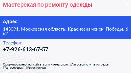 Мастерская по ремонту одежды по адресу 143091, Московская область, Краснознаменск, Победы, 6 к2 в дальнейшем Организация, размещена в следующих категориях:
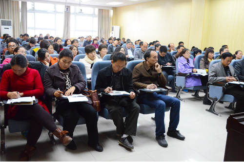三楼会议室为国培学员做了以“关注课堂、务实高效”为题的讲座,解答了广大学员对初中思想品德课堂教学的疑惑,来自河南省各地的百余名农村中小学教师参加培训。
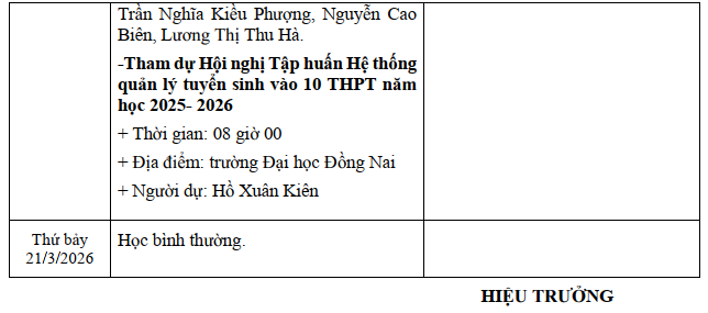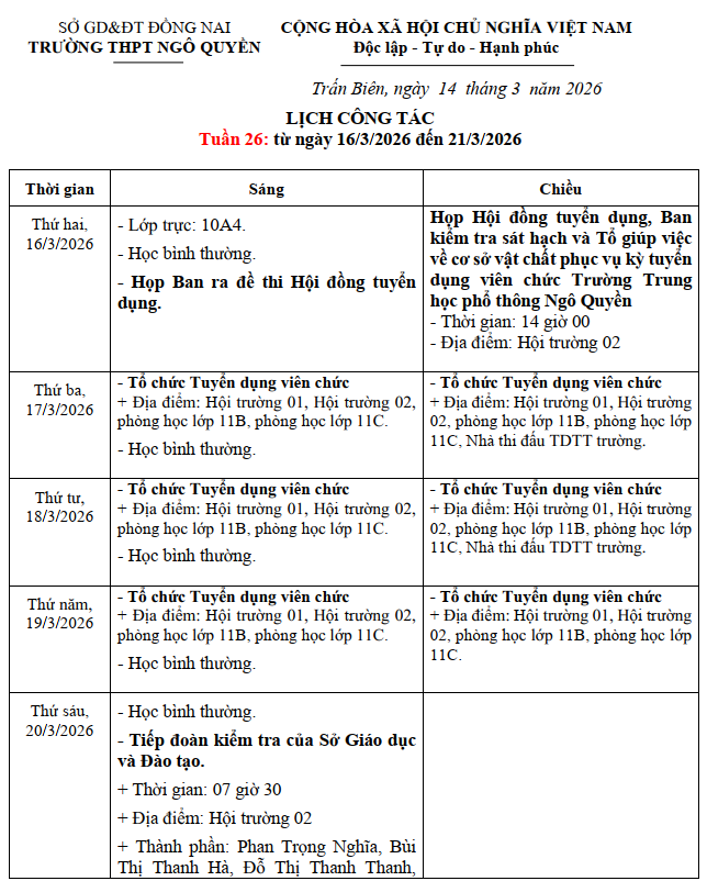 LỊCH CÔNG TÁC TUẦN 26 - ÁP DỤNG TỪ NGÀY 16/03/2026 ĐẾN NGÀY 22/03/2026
...
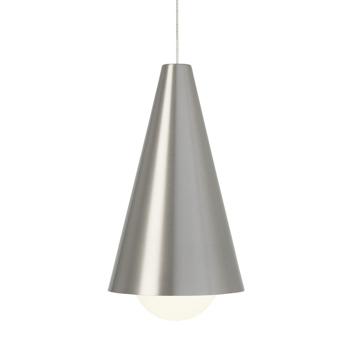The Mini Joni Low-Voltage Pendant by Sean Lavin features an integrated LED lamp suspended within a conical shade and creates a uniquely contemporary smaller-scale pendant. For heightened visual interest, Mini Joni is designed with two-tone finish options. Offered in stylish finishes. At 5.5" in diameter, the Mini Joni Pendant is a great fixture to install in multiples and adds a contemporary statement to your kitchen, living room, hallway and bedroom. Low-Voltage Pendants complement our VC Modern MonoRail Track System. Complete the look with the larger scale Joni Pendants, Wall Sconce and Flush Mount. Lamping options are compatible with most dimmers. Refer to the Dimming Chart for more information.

▶ _Task prompt_
In the material above, the stretch from the line with "Мастерская по ремонту" through the line with "LỊCH CÔNG TÁC" is to be given again exactly, minus the pictures.

▶ _Response to this task_
 Мастерская по ремонту одежды по адресу 143091, Московская область, Краснознаменск, Победы, 6 к2 в дальнейшем Организация, размещена в следующих категориях:
三楼会议室为国培学员做了以“关注课堂、务实高效”为题的讲座,解答了广大学员对初中思想品德课堂教学的疑惑,来自河南省各地的百余名农村中小学教师参加培训。
 LỊCH CÔNG TÁC TUẦN 26 - ÁP DỤNG TỪ NGÀY 16/03/2026 ĐẾN NGÀY 22/03/2026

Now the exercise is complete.